Test it with next snapshots. -
Just noticed the 127.0.0.1 for dns as well, seems to be a bit of a problem if not using the internal forwarder. Using unbound and even though I highlighted both lan and loopback, unbound did not want to listen on 127.0.0.1
I had to manually edit the unbound.conf for it to listen on loopback, now for example looking to see if there is an update available on the dashboard again works.
Should prob bring this up in the package sections for unbound. If I highlight like below image and restart unbound shouldn't it listen on 127.0.0.1 as well as the lan interface
-
@ermal:
Can you show me the output of
dig @yourdnsserver $yourdomainname
dig $yourdomainnameJust to see what is going on here.
From 2.0-RC3 (i386) built on Sat Aug 6 19:02:34 EDT 2011
-
From 2.0-RC3 (i386) built on Fri Aug 12 00:28:10 EDT 2011
-
you forgot the @ in your dig command – your just doing queries for the 2 different items.
Can you show me the output of
dig **@**yourdnsserver $yourdomainname
dig $yourdomainnamedig @192.168.20.17 hrl.ca
your first queries went to 156.154.70.22
-
Thanks John.
Here are the outputs.
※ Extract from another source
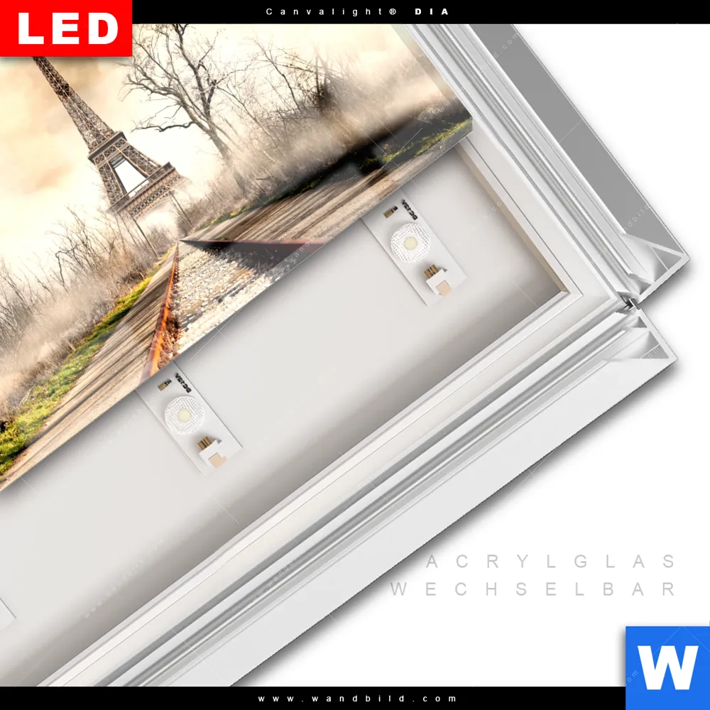 LED-Glasbild mit austauschbarem Acrylglas-Druck (Wechselbild)

One from old snapshot of 6th Aug and one is the most current one.
Both produced the same results.
-Raylund
-
ermal,
I'm now running the latest snapshot 2.0-RC3 (i386) built on Fri Aug 12 09:36:08 EDT 2011
I got some funny results.
1st scenario, all my VPN connections are up and running.
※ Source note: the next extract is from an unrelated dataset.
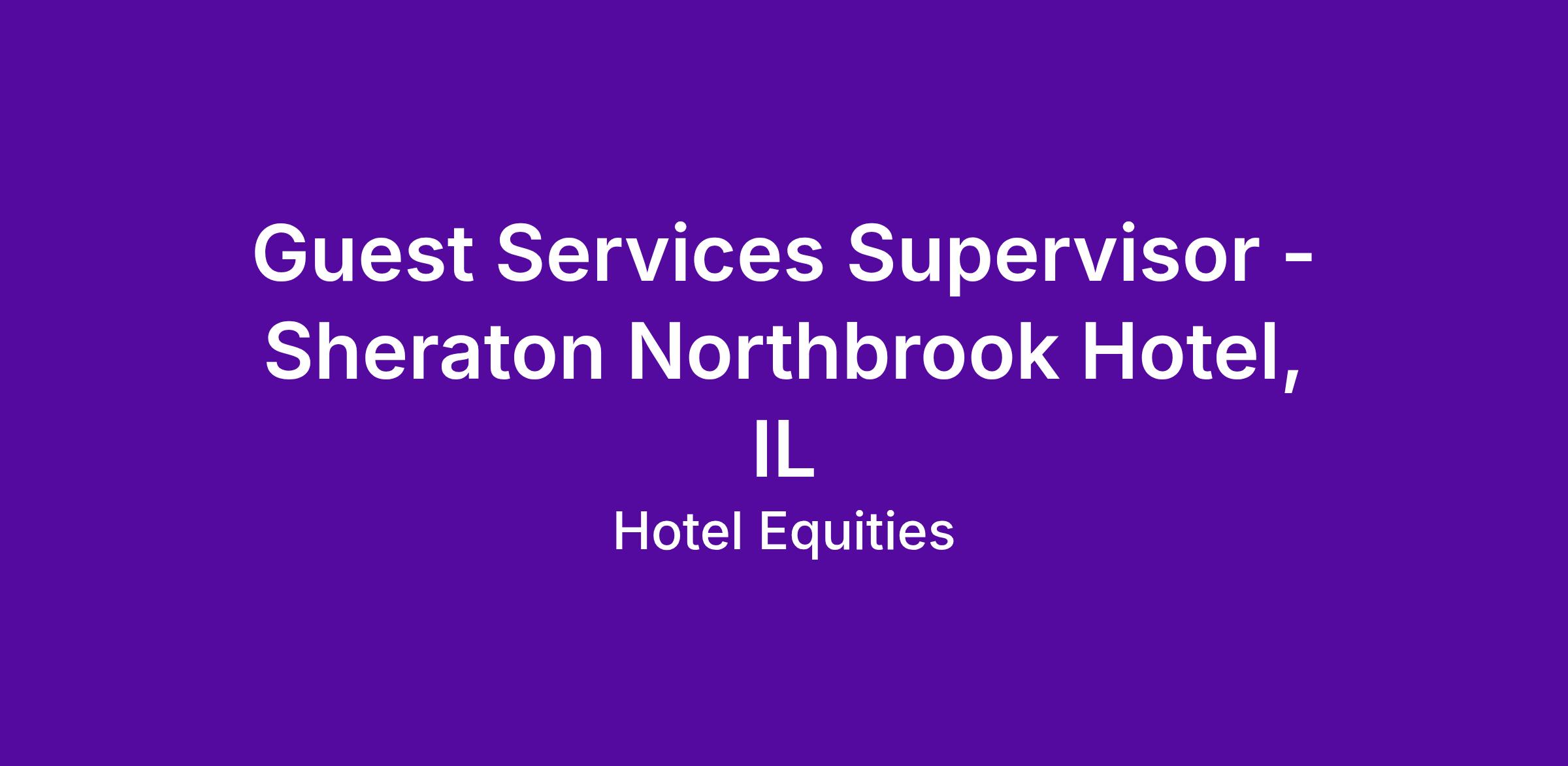The Sheraton Northbrook Hotel, Northbrook, Il 60062 has an immediate opening for an experienced Hotel Front Office Supervisor.

But, Status:IPSec shows all "yellow crossed" box (except one is green box which url is referenced to no-ip.info).
The Status:System logs:IPsec VPN has all the proper connections transactions BUT they're not referencing to the usual "named"; they're all now IP addresses and numbers.
The Status:System logs:System still filled with "filterdns: host_dns: failed looking up "xxx": hostname nor servname provided, or not known".
2nd scenario is I did check the option in System:Advanced:Miscellaneous:DNS Forwarder:Localhost.
All is going back to normal as before.
Anyway, both scenario my VPN connections are working now. Except the 1st scenario that pfsense is very slow in respond when click on "Status:IPSec" and "Status:System logs:IPsec VPN".
Thanks
-Raylund
-
Just fyi - the unbound package is updated. Which now correctly listens on the loopback address when it has been selected.